§ **Material for this exercise**:
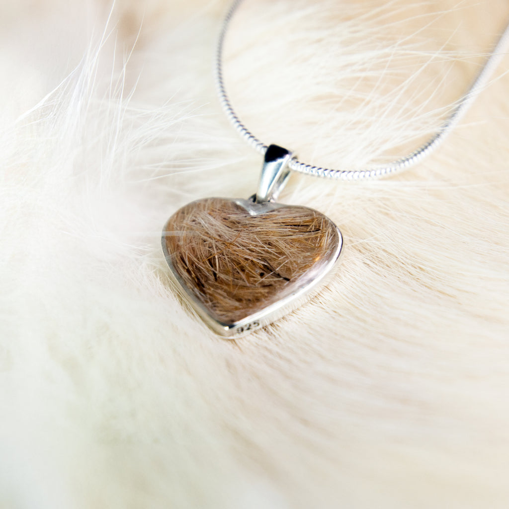Some bonds are forever. This heart-shaped pendant is lovingly handmade to hold a small piece of your companion—dog, cat, or any beloved animal—so they stay with you, always. We carefully arrange your pet’s fur or hair and encase it in a crystal-clear, jewellery-grade setting inside solid sterling silver. The result is a timeless keepsake that catches the light and tells your story.
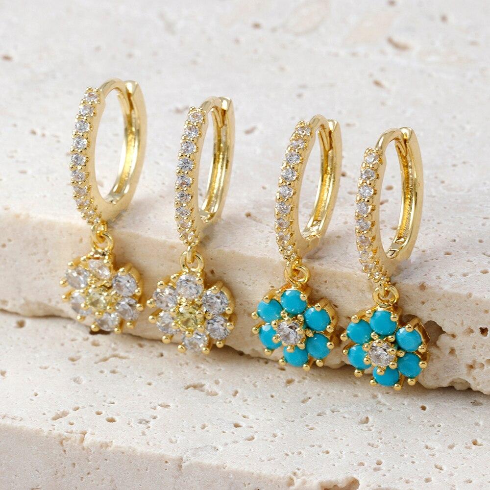 Модные серьги-капли из нержавеющей стали с цветком и цирконием для женщин, французские легкие роскошные серьги с подвеской, изысканные серьги, рождественские украшения
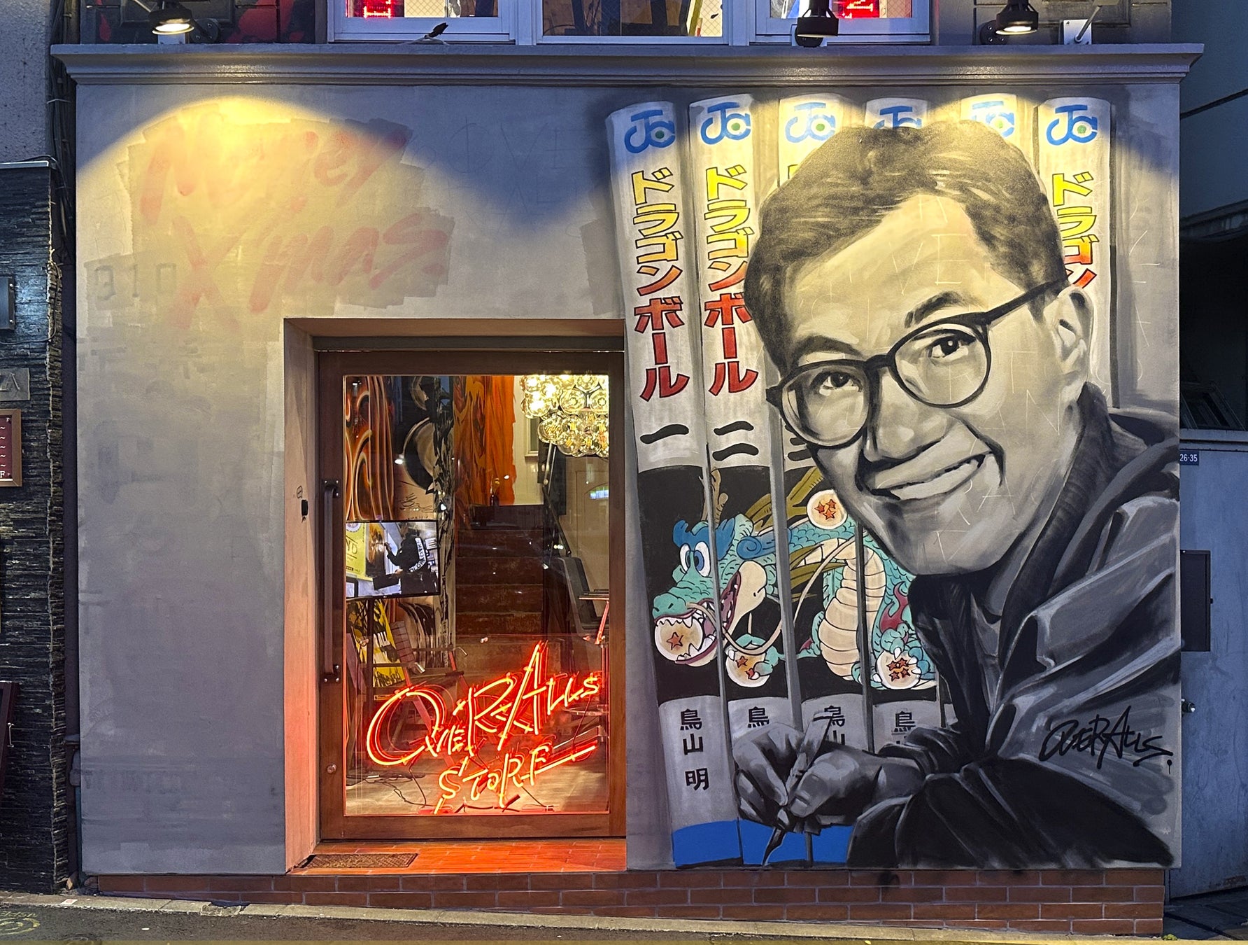 OVER ALLsが2024年最後のトーキョーミューラルスクエア壁画のモデルとして選んだのは鳥山明先生です。小学校の休み時間、ノートに描いた絵を初めて友達に「スゲェ!」と言われたのが、ドラゴンボールの孫悟空だった…そんなエピソードを持つアーティストはたくさんいるはず。そんな皆の夢のきっかけとなった鳥山明先生が空に旅立たれたのは今年、2024年の辰年でした。
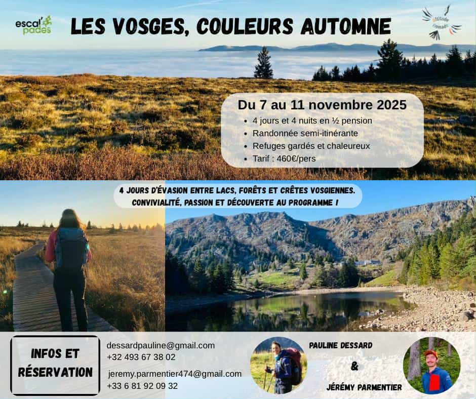 En partenariat avec Escal’pades, Jérémy Parmentier (Alsacien et amoureux des Vosges) et Pauline Dessard (d’Altitude Nomade) vous proposent un long week-end d’évasion dans le massif des Vosges!
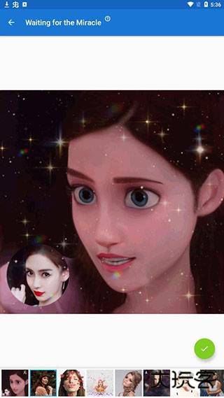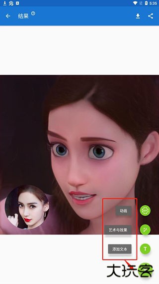 5、最后就可以看到你所选择的卡通效果结果,点击右下角的“+”还可以添加动画和艺术与效果以及添加文本;
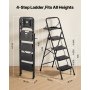 VEVOR Scaletta Pieghevole Salvaspazio con 4 Gradini con Ampio Pedale Antiscivolo, Impugnatura Comoda, Scala Portatile in Acciaio con Capacità di 272 kg, Multiuso per Cucina, Casa, Casa e Ufficio
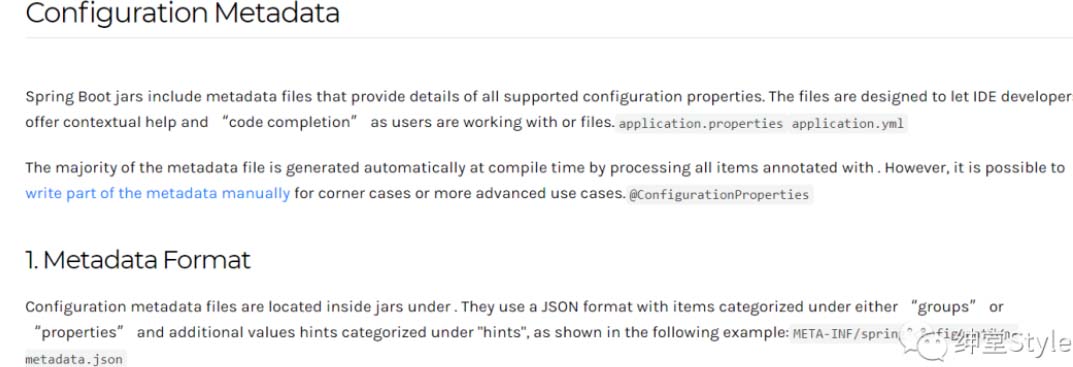 在SpringBoot官方文档中提到了关于元数据的配置
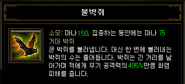 [거대박쥐]스킬이 뜰 수 도 있어요.![]() 마나 첫소비 150, 집중시 75가 되죠. 거대박쥐는 써보셔서 아시겠지만, 사거리가 길고 범위 공격이에요. 또 마나소비 150 이니까, 그냥 집중 안하고 끊어서 써도 괜춘함. 주로 돌진좀비 폭발들개 쓰는분들은 거대박쥐로 갈아타는 것도 좋을듯.
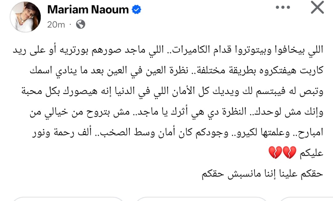 أضافت: النظرة دي هي أثرك يا ماجد.. مش بتروح من خيالي من امبارح.. وعلمتها لكيرو.. وجودكم كان أمان وسط الصخب.. ألف رحمة ونور عليكم.. حقكم علينا إننا مانسبش حقك.
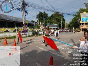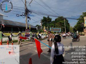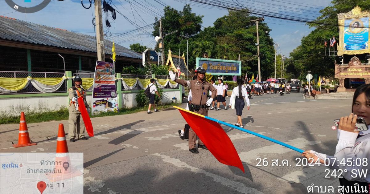 ร.ต.ต.วิเชียร แย้มสูงเนิน รอง สว.(ป)/จราจรเวรฯพร้อมด้วยคณะครูเวรฯ อาสาสมัครจราจรและนักเรียน ร.ด.โรงเรียนสูงเนิน ร่วมกัน ว.4อำนวยความสะดวกการจราจร ที่ถนนหน้าโรงเรียนสูงเนิน
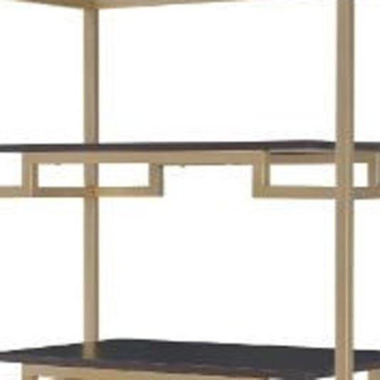 78" Gold and Black Metal Four Tier Etagere Bookcase with a Drawer
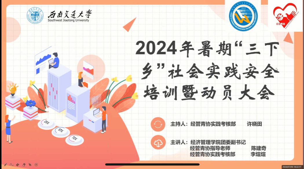bat365官网登录入口团委积极响应学校号召,持续打造“1224”实践育人平台,精心组织、周密安排,成功申报并立项多支校级、院级和专项队伍。为提高大学生参与社会实践活动的安全意识、避险常识和应急自救能力,同时激发大学生参与实践活动的热情,2024年7月6日晚上6点30分,bat365官网登录入口2024年暑期“三下乡”社会实践安全培训暨动员大会在线上举行,学院团委副书记陈建奇、青年志愿者协会干部以及27支校级、院级以及专项队伍一起参加了大会。
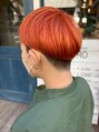 大胆に刈り上げを入れたマッシュベリーショート。ハイブリーチをトップの部分に入れてマンダリンオレンジのカラーをかぶせました!
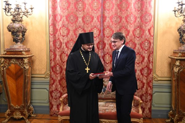 Заместитель министра иностранных дел Е.С. Иванов вручил секретарю ОВЦС по межхристианским отношениям иеромонаху Стефану (Игумнову) нагрудный знак МИД России «За взаимодействие».
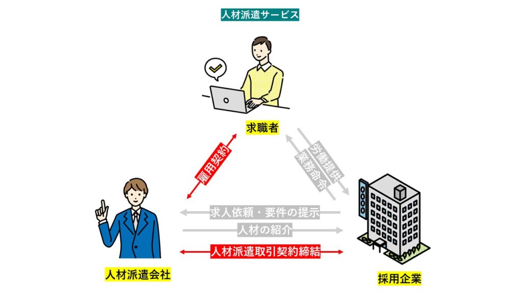 一方、人材派遣の雇用主は人材派遣会社となります。人材派遣会社と求職者が雇用契約を結び、求職者は派遣会社が契約している人手が欲しい企業で就業する、というサービスです。企業側からすると、一時的な人手不足の穴埋めのような形で利用するケースが多いでしょう。もちろん人材派遣会社の雇用のため、労務や給与管理なども人材紹介会社が行うことになりますので、派遣成立後の責任も基本的には雇用元の人材派遣会社側にあるということです。
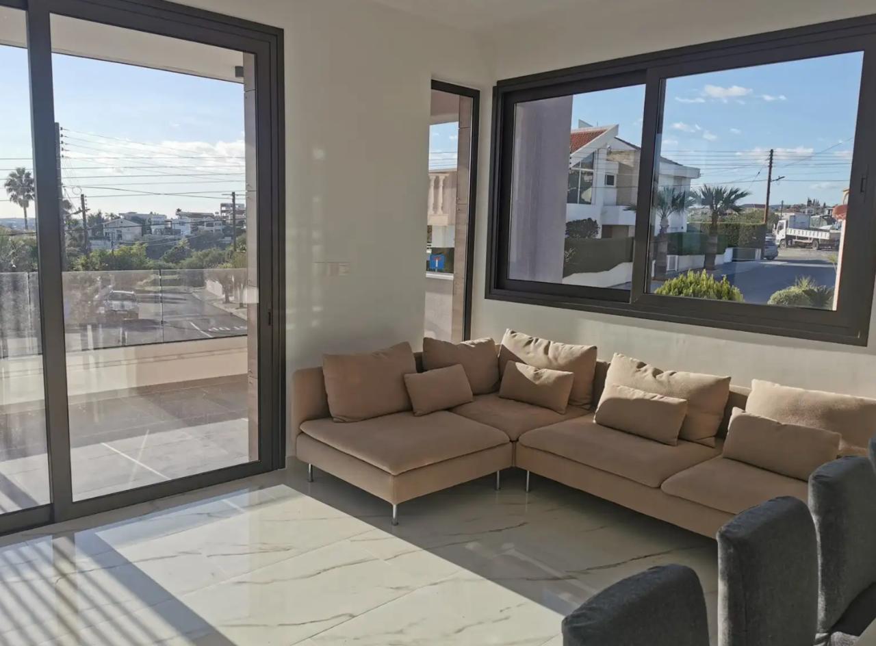Rent Limassol, Pantheas Apartment for rent Modern 2-bedroom apartment with sea view Total area: 90 m² Bedrooms: 2 Bathrooms: 2 (main bathroom + guest WC) Parking: covered Fully furnished Year built: 2021 Energy efficiency: Class A Pets: allowed Included: elevator, balcony, storage room This modern and stylish two-bedroom apartment is located on the 1st floor of a small three-story high-standard building (only 6 apartments total) built in 2021. Rent: 1850 € per month Reg:AM: 1256/AA258/E

§ **About this exercise**: All of the material shown above needs to be duplicated exactly. Omit every picture.

§ **Response to the task**:
Some bonds are forever. This heart-shaped pendant is lovingly handmade to hold a small piece of your companion—dog, cat, or any beloved animal—so they stay with you, always. We carefully arrange your pet’s fur or hair and encase it in a crystal-clear, jewellery-grade setting inside solid sterling silver. The result is a timeless keepsake that catches the light and tells your story.
 Модные серьги-капли из нержавеющей стали с цветком и цирконием для женщин, французские легкие роскошные серьги с подвеской, изысканные серьги, рождественские украшения
 OVER ALLsが2024年最後のトーキョーミューラルスクエア壁画のモデルとして選んだのは鳥山明先生です。小学校の休み時間、ノートに描いた絵を初めて友達に「スゲェ!」と言われたのが、ドラゴンボールの孫悟空だった…そんなエピソードを持つアーティストはたくさんいるはず。そんな皆の夢のきっかけとなった鳥山明先生が空に旅立たれたのは今年、2024年の辰年でした。
 En partenariat avec Escal’pades, Jérémy Parmentier (Alsacien et amoureux des Vosges) et Pauline Dessard (d’Altitude Nomade) vous proposent un long week-end d’évasion dans le massif des Vosges!
 5、最后就可以看到你所选择的卡通效果结果,点击右下角的“+”还可以添加动画和艺术与效果以及添加文本;
 VEVOR Scaletta Pieghevole Salvaspazio con 4 Gradini con Ampio Pedale Antiscivolo, Impugnatura Comoda, Scala Portatile in Acciaio con Capacità di 272 kg, Multiuso per Cucina, Casa, Casa e Ufficio
 在SpringBoot官方文档中提到了关于元数据的配置
 [거대박쥐]스킬이 뜰 수 도 있어요.![]() 마나 첫소비 150, 집중시 75가 되죠. 거대박쥐는 써보셔서 아시겠지만, 사거리가 길고 범위 공격이에요. 또 마나소비 150 이니까, 그냥 집중 안하고 끊어서 써도 괜춘함. 주로 돌진좀비 폭발들개 쓰는분들은 거대박쥐로 갈아타는 것도 좋을듯.
 أضافت: النظرة دي هي أثرك يا ماجد.. مش بتروح من خيالي من امبارح.. وعلمتها لكيرو.. وجودكم كان أمان وسط الصخب.. ألف رحمة ونور عليكم.. حقكم علينا إننا مانسبش حقك.
 ร.ต.ต.วิเชียร แย้มสูงเนิน รอง สว.(ป)/จราจรเวรฯพร้อมด้วยคณะครูเวรฯ อาสาสมัครจราจรและนักเรียน ร.ด.โรงเรียนสูงเนิน ร่วมกัน ว.4อำนวยความสะดวกการจราจร ที่ถนนหน้าโรงเรียนสูงเนิน
 78" Gold and Black Metal Four Tier Etagere Bookcase with a Drawer
bat365官网登录入口团委积极响应学校号召,持续打造“1224”实践育人平台,精心组织、周密安排,成功申报并立项多支校级、院级和专项队伍。为提高大学生参与社会实践活动的安全意识、避险常识和应急自救能力,同时激发大学生参与实践活动的热情,2024年7月6日晚上6点30分,bat365官网登录入口2024年暑期“三下乡”社会实践安全培训暨动员大会在线上举行,学院团委副书记陈建奇、青年志愿者协会干部以及27支校级、院级以及专项队伍一起参加了大会。
 大胆に刈り上げを入れたマッシュベリーショート。ハイブリーチをトップの部分に入れてマンダリンオレンジのカラーをかぶせました!
 Заместитель министра иностранных дел Е.С. Иванов вручил секретарю ОВЦС по межхристианским отношениям иеромонаху Стефану (Игумнову) нагрудный знак МИД России «За взаимодействие».
 一方、人材派遣の雇用主は人材派遣会社となります。人材派遣会社と求職者が雇用契約を結び、求職者は派遣会社が契約している人手が欲しい企業で就業する、というサービスです。企業側からすると、一時的な人手不足の穴埋めのような形で利用するケースが多いでしょう。もちろん人材派遣会社の雇用のため、労務や給与管理なども人材紹介会社が行うことになりますので、派遣成立後の責任も基本的には雇用元の人材派遣会社側にあるということです。
Rent Limassol, Pantheas Apartment for rent Modern 2-bedroom apartment with sea view Total area: 90 m² Bedrooms: 2 Bathrooms: 2 (main bathroom + guest WC) Parking: covered Fully furnished Year built: 2021 Energy efficiency: Class A Pets: allowed Included: elevator, balcony, storage room This modern and stylish two-bedroom apartment is located on the 1st floor of a small three-story high-standard building (only 6 apartments total) built in 2021. Rent: 1850 € per month Reg:AM: 1256/AA258/E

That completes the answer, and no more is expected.